_BRIEF_: Transcribe the lines below exactly, beginning with the line that holds "(1階:洋4.5帖×1、2階:洋5.4帖×1、2階:洋6帖×1、2階:洋7.5帖×1、1階:LDK14帖) | ||" and ending with the final line, both included. Pictures are to be left out.

_RECORDS FOR PROCESSING_:
• • • • •
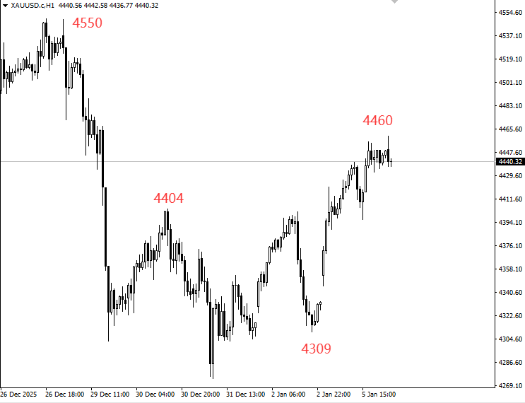 从价格轨迹来看,4405的突破成为多头启动的重要信号,冲高至4460后回落,属于趋势中的正常回调修正,并未破坏整体上行结构。
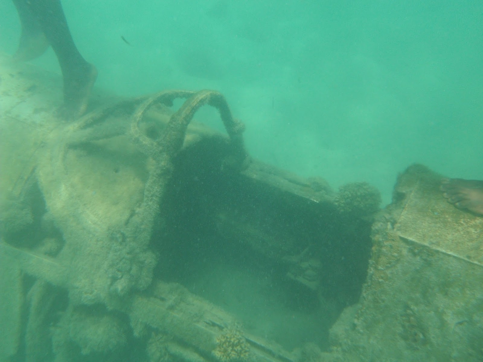 We stopped at a tiny World War II museum with articles and artifacts, and then asked the woman manning the museum how to find the plane. The man who knew where it was had gone to town, she said. They had attached a buoy to it at one point, but someone had stolen the buoy - so we'd have to go look around ourselves. She did lend us two teenage girls who sort of had an idea of where to find it, but we were driving back and forth for a while, scanning the clear blue water for anything that looked like a plane on the bottom. At one point, as you do when you are lost, we "Pulled over and asked for directions." In our case, this meant asking a passing snorkeler - in Vanuatu many people snorkel to spear fish. He gave us rough directions - but how do you give clear directions about how to find something underwater?
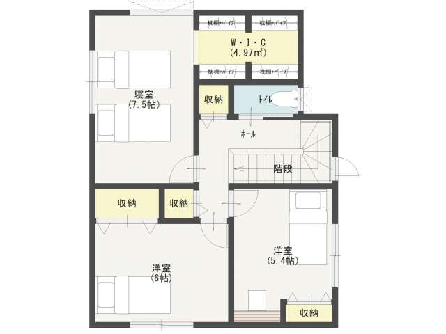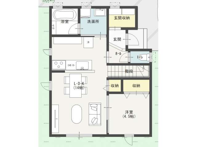 | 詳細間取 | 4LDK (1階:洋4.5帖×1、2階:洋5.4帖×1、2階:洋6帖×1、2階:洋7.5帖×1、1階:LDK14帖) | ||
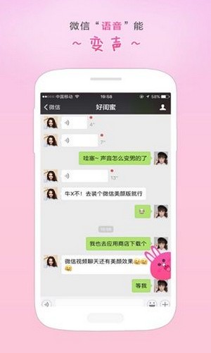 微信美颜版app是一款在微信的基础上推出的一款微信美颜版本,微信美颜版内置变声器、美颜工具、等非常多的美颜功能,堪称美颜版本的微信,此版本微信能够与官方编微信共存,是一款女生必备软件,喜欢此款微信美颜版app,想要下载使用的朋友欢迎下载使用!朋克部落、复古趴、旅行记、梦游仙境、波西米亚……所有时下最热ICON,聚合在此!
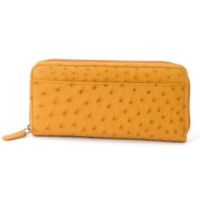 表側にオーストリッチ革を使用した長財布です。ラウンドファスナー式で、ジッパーをあけると中の物を見渡すことができます。
• • • • •
_SOLUTION FOR THIS PROBLEM_:
 | 詳細間取 | 4LDK (1階:洋4.5帖×1、2階:洋5.4帖×1、2階:洋6帖×1、2階:洋7.5帖×1、1階:LDK14帖) | ||
 微信美颜版app是一款在微信的基础上推出的一款微信美颜版本,微信美颜版内置变声器、美颜工具、等非常多的美颜功能,堪称美颜版本的微信,此版本微信能够与官方编微信共存,是一款女生必备软件,喜欢此款微信美颜版app,想要下载使用的朋友欢迎下载使用!朋克部落、复古趴、旅行记、梦游仙境、波西米亚……所有时下最热ICON,聚合在此!
 表側にオーストリッチ革を使用した長財布です。ラウンドファスナー式で、ジッパーをあけると中の物を見渡すことができます。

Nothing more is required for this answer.